Kestra 2.0 Is Coming — and Developers Matter More Than Ever

Yesterday, we shared why we raised $25 million and where orchestration is heading. Today I want to talk about the engineering side: how we got here, what we got right, what held us back, and what we’re rebuilding from the ground up with Kestra 2.0.

But first, one thing I keep hearing that I want to address directly.

There’s a narrative that AI will replace the need for engineers. That orchestration will just happen. We see the opposite every single day. Every AI system that enters production needs coordination: retries, fallback logic, approval gates, observability, state management, and someone who understands what happens when things break at 3 AM and nothing is idempotent anymore. The more autonomous systems become, the more engineering rigor they require — not less.

Kestra will not be replaced by AI. Kestra orchestrates your AI stack. That’s the lens everything below should be read through.

How it started

Kestra started six years ago as a one-person project — the biggest application I had ever built. This was before AI coding assistants. Every single line needed to be crafted with care and attention.

It was born out of real-world pain at the largest DIY retailer in Europe: Leroy Merlin. They had been struggling with Airflow for months and were stuck with no solution. All of these constraints led to some early technical compromises in the name of speed.

At the time, the only implementation of Kestra was built on top of Kafka, Kafka Streams, Elasticsearch, and a GCS bucket. Everything was designed for performance above all else.

The early results were encouraging. We delivered a first version that went from POC to trial, then to live production at Leroy Merlin in 2020. Having a real design partner who gave daily feedback on real use cases was invaluable. But that also led to some trade-offs and shortcuts on the technical side, even more so for an open-source project.

After the open-source announcement (we had 40 stars back then — now multiply that by 666), we discovered that the product was genuinely attractive. We hit 2,500 GitHub stars in a single week. But we also heard pushback from users: deploying Kafka, Elasticsearch, a bucket, and Kestra was too complex for most people. So we added a simple database version to make deployment easier. This drastically increased the traction of the open-source version.

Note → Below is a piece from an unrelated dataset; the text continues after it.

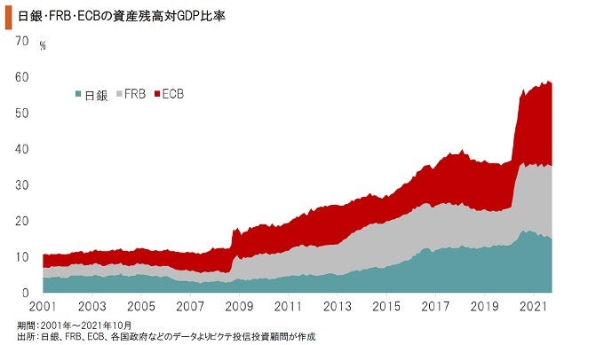 リーマンショック、新型コロナ禍の下で主要国は財政支出を急拡大した。それを支える意味もあり、日銀、FRB、ECBの資産規模は対GDP比で大幅に増加している。つまり、マネタリーベースが大量に供給されているわけだ。インフレ期待が強くなれば、このマネーは実物資産へ向かうだろう。通貨価値下落(=インフレ)を加速させるマグマと言えるのではないか。

Then came the second phase for Kestra: delivering on a wave of new use cases from the community, but now as a company. We grew the team to 10 people quickly after our first fundraising round. Each engineer brought great ideas, each new customer pushed us toward new features, and the product evolved to meet all of this daily.

The road to 1.0

We continued on this road toward our 1.0 goal, the most stable version of Kestra, while keeping one principle we had followed since day one: no massive breaking changes inside the application. Flow definitions are code that belongs to our users and customers, and they should not be forced to change. Of course, there were parts of the application we wanted to remove — some mistakes, some architectural decisions that were complex to maintain. But we held off on those changes so that our users could enjoy easy upgrades and our customers could rely on LTS versions with strong guarantees.

All of this, done for the sake of our customers, also held us back from innovating as freely as we wanted. And that tension is precisely what motivated us from the moment we shipped Kestra 1.0: we knew we needed a version that would free us from those constraints.

Why we’re rebuilding the core

The architecture that got us here won’t get us to the next order of magnitude. And that’s fine — because that’s engineering. You build for the constraints you have, and when those constraints change, you rebuild with everything you’ve learned.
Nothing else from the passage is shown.